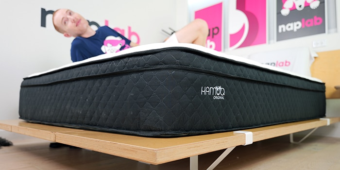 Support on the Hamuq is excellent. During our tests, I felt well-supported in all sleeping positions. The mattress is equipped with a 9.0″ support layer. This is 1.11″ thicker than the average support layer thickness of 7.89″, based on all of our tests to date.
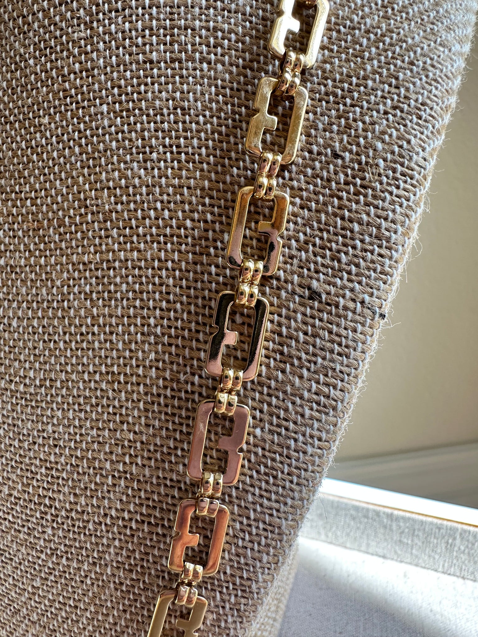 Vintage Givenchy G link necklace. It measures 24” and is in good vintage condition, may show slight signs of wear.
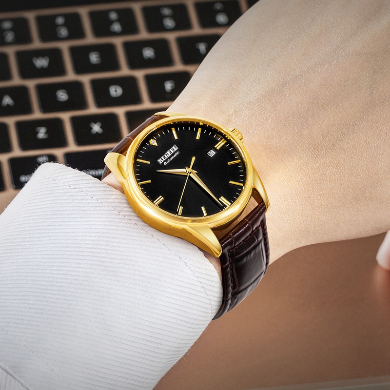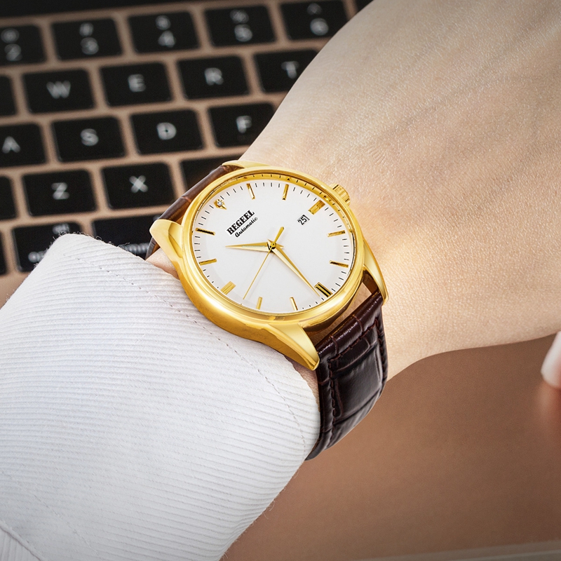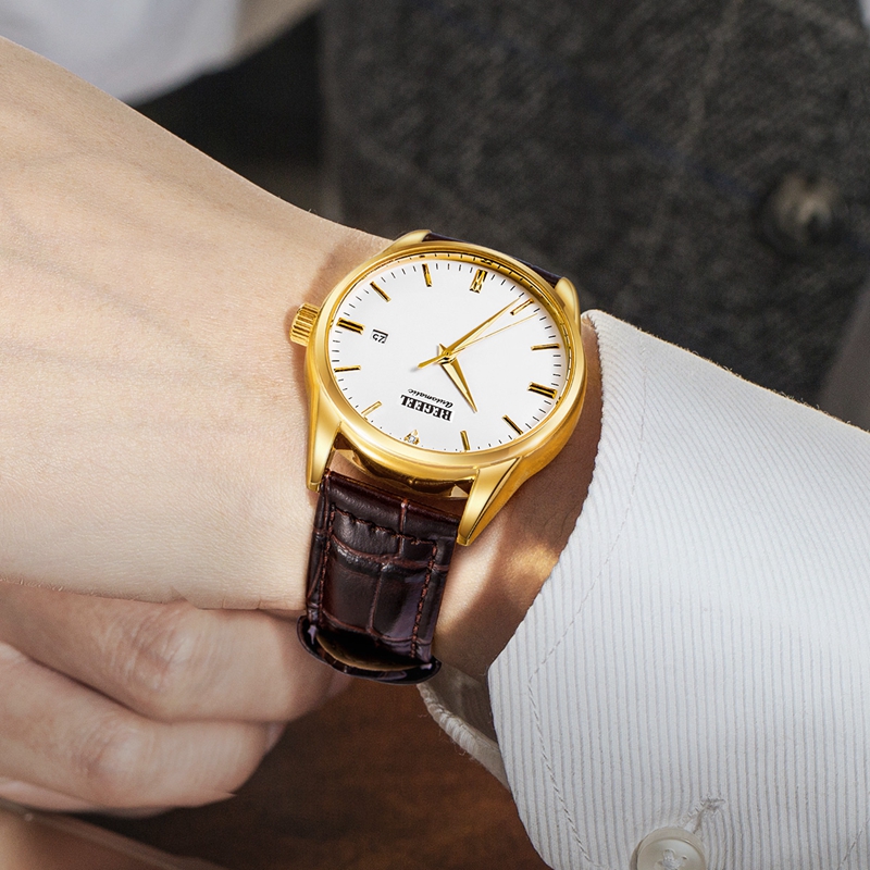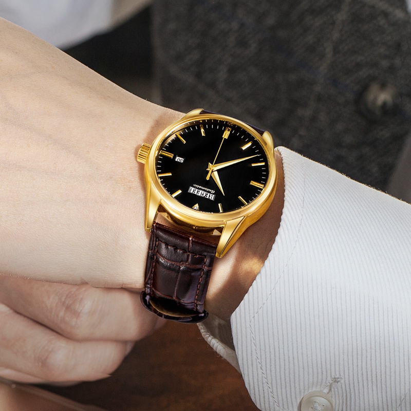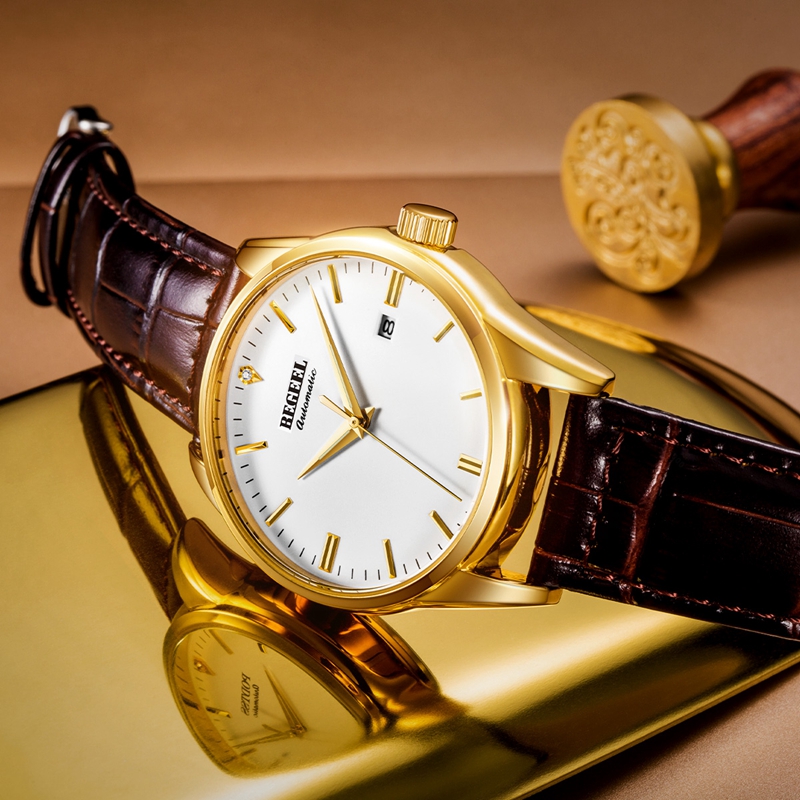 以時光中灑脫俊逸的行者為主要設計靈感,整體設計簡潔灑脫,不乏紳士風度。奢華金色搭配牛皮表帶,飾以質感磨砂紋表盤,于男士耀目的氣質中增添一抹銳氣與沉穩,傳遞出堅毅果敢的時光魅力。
★ ★ ★ ★
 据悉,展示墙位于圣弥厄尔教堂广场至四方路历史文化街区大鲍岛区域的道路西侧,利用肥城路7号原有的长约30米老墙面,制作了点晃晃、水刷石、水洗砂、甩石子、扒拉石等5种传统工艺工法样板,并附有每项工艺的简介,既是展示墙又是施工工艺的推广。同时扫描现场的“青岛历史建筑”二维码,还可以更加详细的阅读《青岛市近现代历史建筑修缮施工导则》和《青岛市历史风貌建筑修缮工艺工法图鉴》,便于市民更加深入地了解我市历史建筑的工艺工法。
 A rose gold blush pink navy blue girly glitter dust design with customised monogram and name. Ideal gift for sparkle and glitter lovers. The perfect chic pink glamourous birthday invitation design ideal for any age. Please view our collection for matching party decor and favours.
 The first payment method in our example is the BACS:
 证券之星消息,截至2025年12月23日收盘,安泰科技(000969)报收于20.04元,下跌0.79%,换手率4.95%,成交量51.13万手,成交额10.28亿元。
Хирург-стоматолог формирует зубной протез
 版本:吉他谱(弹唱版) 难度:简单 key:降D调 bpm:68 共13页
★ ★ ★ ★
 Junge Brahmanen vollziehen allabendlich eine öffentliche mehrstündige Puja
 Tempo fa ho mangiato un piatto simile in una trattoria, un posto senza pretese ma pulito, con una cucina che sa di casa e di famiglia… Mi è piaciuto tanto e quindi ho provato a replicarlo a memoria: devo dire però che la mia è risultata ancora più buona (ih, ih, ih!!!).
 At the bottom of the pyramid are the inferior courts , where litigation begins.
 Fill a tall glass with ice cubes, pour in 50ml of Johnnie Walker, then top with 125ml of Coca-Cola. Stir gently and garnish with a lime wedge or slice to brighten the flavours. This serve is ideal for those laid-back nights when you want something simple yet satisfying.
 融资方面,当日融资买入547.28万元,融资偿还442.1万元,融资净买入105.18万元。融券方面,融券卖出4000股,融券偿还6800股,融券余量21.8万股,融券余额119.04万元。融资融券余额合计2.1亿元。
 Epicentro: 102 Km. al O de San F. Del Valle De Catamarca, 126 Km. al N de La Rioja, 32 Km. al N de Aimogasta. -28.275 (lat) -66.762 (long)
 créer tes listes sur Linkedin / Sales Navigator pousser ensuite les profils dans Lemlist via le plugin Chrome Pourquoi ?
★ ★ ★ ★
Work item: Give again exactly, and only, the lines above starting at the one with "证券之星消息,截至2025年" and ending at the one with "版本:吉他谱(弹唱版) 难度:简单 key:降D调 bpm:68 共13页".

Answer:
 证券之星消息,截至2025年12月23日收盘,安泰科技(000969)报收于20.04元,下跌0.79%,换手率4.95%,成交量51.13万手,成交额10.28亿元。
Хирург-стоматолог формирует зубной протез
 版本:吉他谱(弹唱版) 难度:简单 key:降D调 bpm:68 共13页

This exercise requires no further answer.